白沐面无表情绕到施也的身边,进行了一个使劲的深呼吸,最后感受到了世界的恶意。男寝室还有水不是流言是事实……
“小沐沐,你为什么看见我就走啊~哎,别走嘛~~哦,别离开我亲爱的~~”
白沐高傲的摆弄了一下丸子头,飞一般地结账和室友走人了,现在和洗过澡的人多呆一秒都是煎熬。
“他还在后头叫你。”室友林玄回头看了身后夸张咆哮的某人,都快要浅浅地笑出来。
白沐挑了挑修理得纤细的眉毛,嘟着嘴巴,“不用管他啦,我们还是回去吃冰淇淋等水吧。”
林玄看了她微微发红的脸,就没有再说什么,只是觉得这两个人很有意思。
大大的眼睛瞄到了林玄按耐不住的笑意,白沐的脸就愈加的红了,“不是你想的那么一回事啦!”“其实我也没有怎么想啦。”“讨厌讨厌你最讨厌了~”
打打闹闹嘻嘻笑笑的,就已经回到寝室里头了,推开门的瞬间,两人都以为自己看到了天使。
小雪花正在洗头!
天啊!没错!是现在十分奢侈的意见事情——洗头!!
那湿漉漉的头发一直在散发刺眼的光芒啊~
撩起头发的小雪花看着激动的两人刚想要解释一些什么,可疯狂的两人已经朝着水池冲去,事情发展到这个地步,已经没有什么好阻拦的了,只好仰头离开现场,为惨遭折磨的水龙头叹气念叨“阿弥陀佛,珍重珍重~”

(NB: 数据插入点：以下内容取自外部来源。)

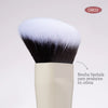 En un extremo, cuenta con una brocha de cerdas cortas, densas y semi rígidas, ideal para aplicar base líquida o en crema con alta cobertura, excelente difuminado y mínimo desperdicio de producto.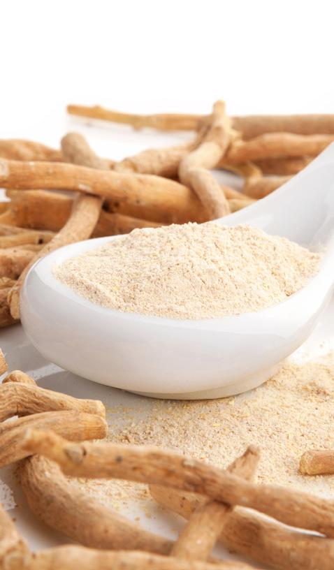 Plant adaptogens and extracts, such as ashwagandha, rhodiola extract, and cannabidiol, which are claimed to reduce cortisol, boost endorphins, and reduce inflammation, respectively.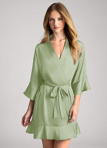 azazie Eucalyptus Ruffled Satin Long Sleeve Pajama Set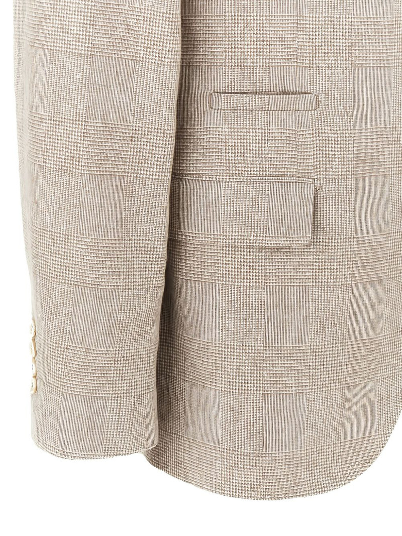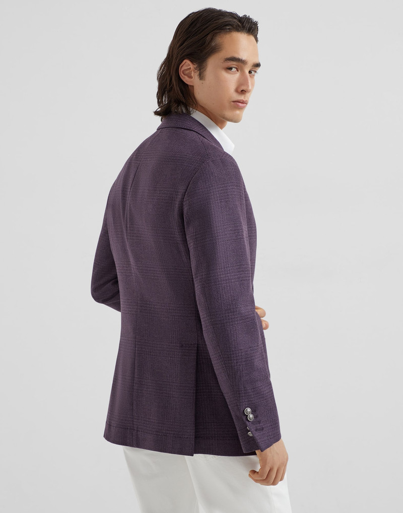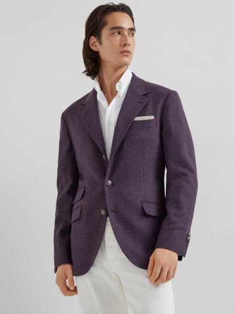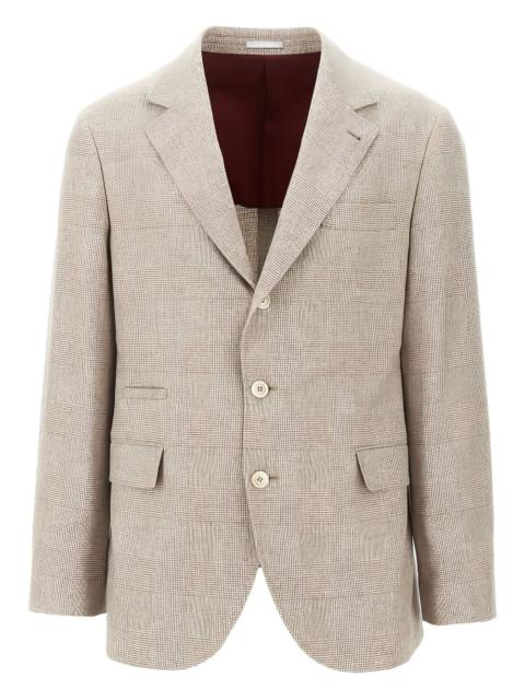 Wool, cashmere and silk tone-on-tone Prince of Wales deconstructed Cavallo blazer with metal buttons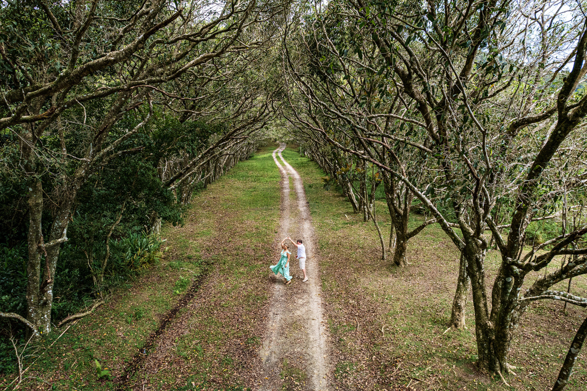 Se você quer exclusividade, Taquarinhas é perfeita! É praticamente deserta e tem uma vista de tirar o fôlego. O mirante na estrada já é um ótimo ponto para as primeiras fotos do ensaio. No local, há um rio natural e um pequeno bosque que acrescentam ainda mais charme ao cenário.
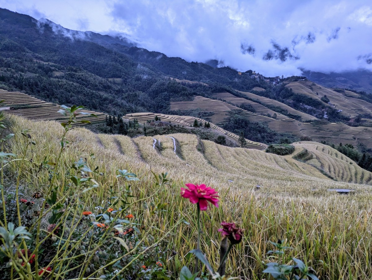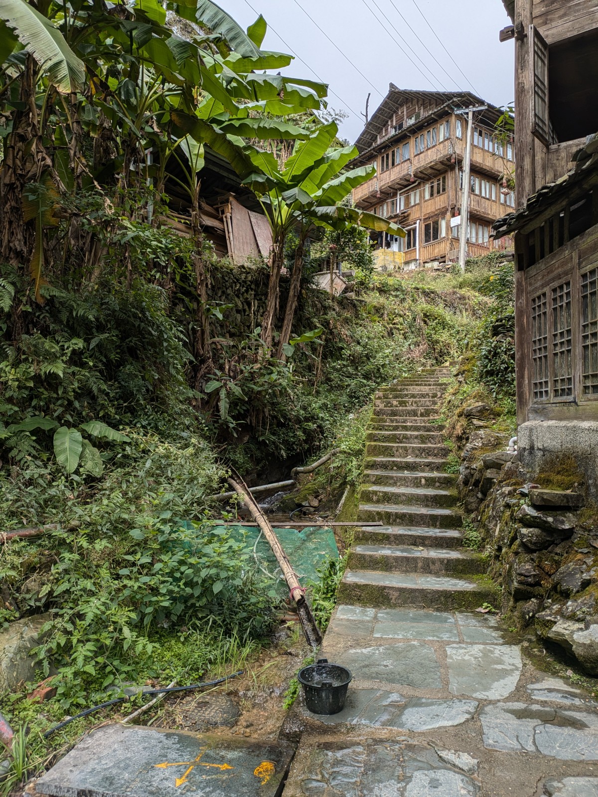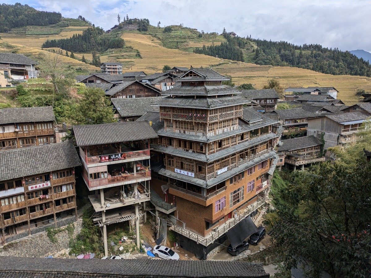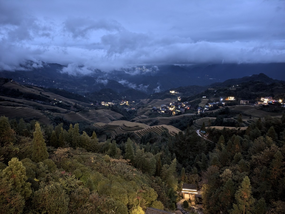 Im feuchten Spätnachmittag kommen wir in Longjie an. Nach einer abenteuerlichen Fahrt in einem Kleinbus gehen wir die letzten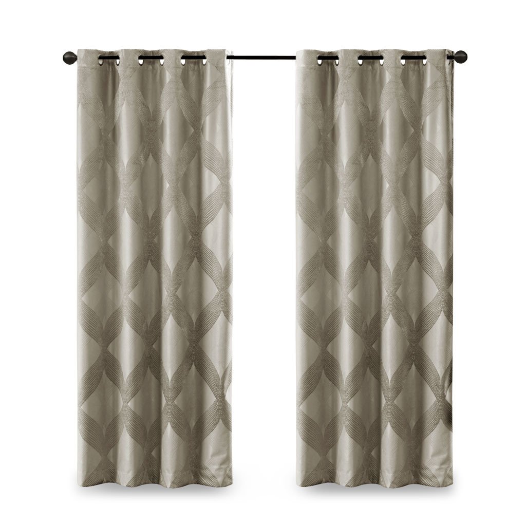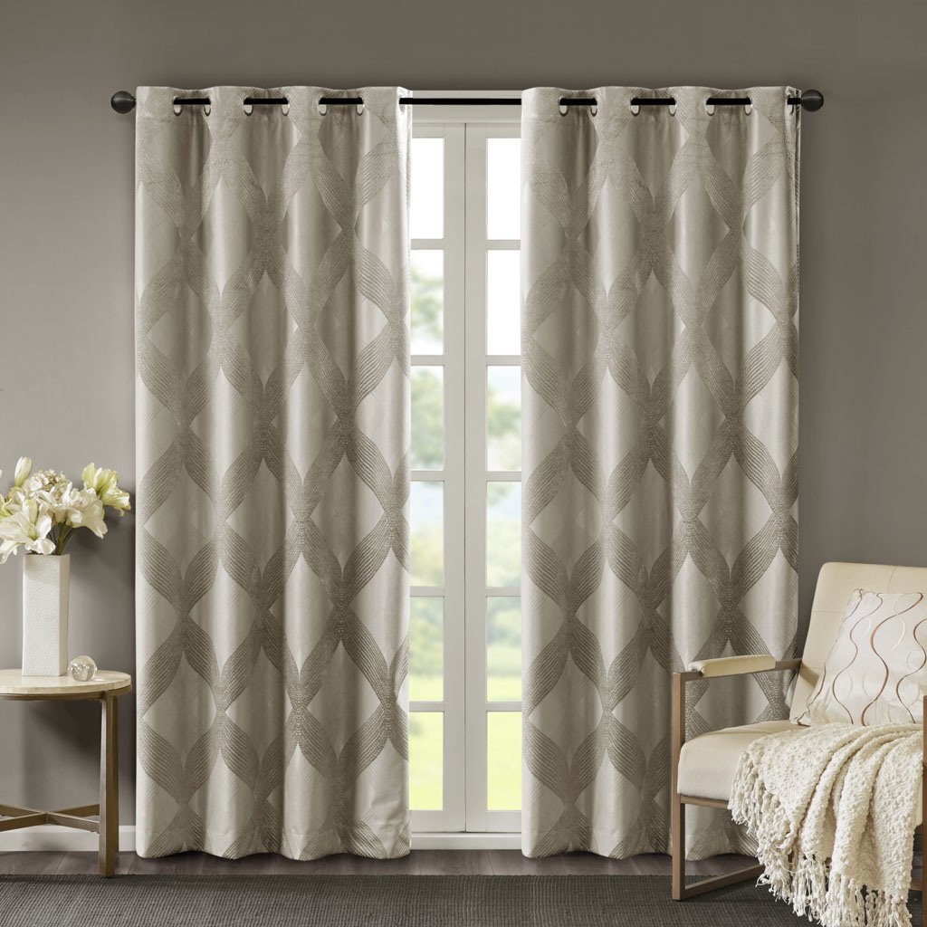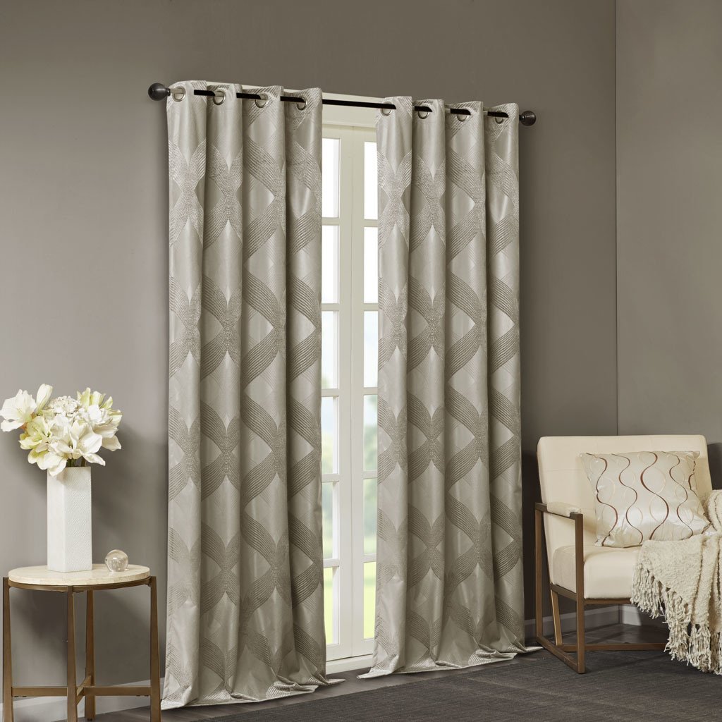 Combining luxe style with functionality, our SunSmart Bentley Ogee Knitted Jacquard Total Blackout Panel is the perfect update to dress any window. An ogee knitted jacquard design is featured in a rich taupe hue, creating a luxurious sheen and texture. The heavy fabric uses a foamback and bonding finish enhancing the panel to block out all sunlight, provide a maximum protective barrier against noise intrusion, and offer a maximum level of privacy and energy savings. A silver grommet top finish makes it easy to hang, open, and close panels throughout the day; fits up to a 1.25' diameter rod. With 100% total blackout properties, this window panel is the perfect addition for bedrooms, media rooms, or any private spaces, giving your home a lavish and contemporary appeal. Lighting level: Pitch Black Ambiance.

白沐和林玄已经将眼睛瞪到一个极限了,可是水管只传来咆哮却没有送来水,失望之余,看到了地上剩下一小半的桶装矿泉水,又看看洗完头的小雪花。啧啧,从内心里深深鄙夷这来自资本主义社会的任性行为,可在鄙夷这种行为的同时又不得不佩服这机智,毕竟这已经是目前对现状最强力的反抗了。
坐在寝室下铺,草席的凉意带不走等水的烦躁,大家大眼瞪着小眼,整个房间都充斥着一种类似望夫石的怨妇情节。
“咳咳……还有些水,要不你们洗个头?”小雪花弱弱地表达了一下建议。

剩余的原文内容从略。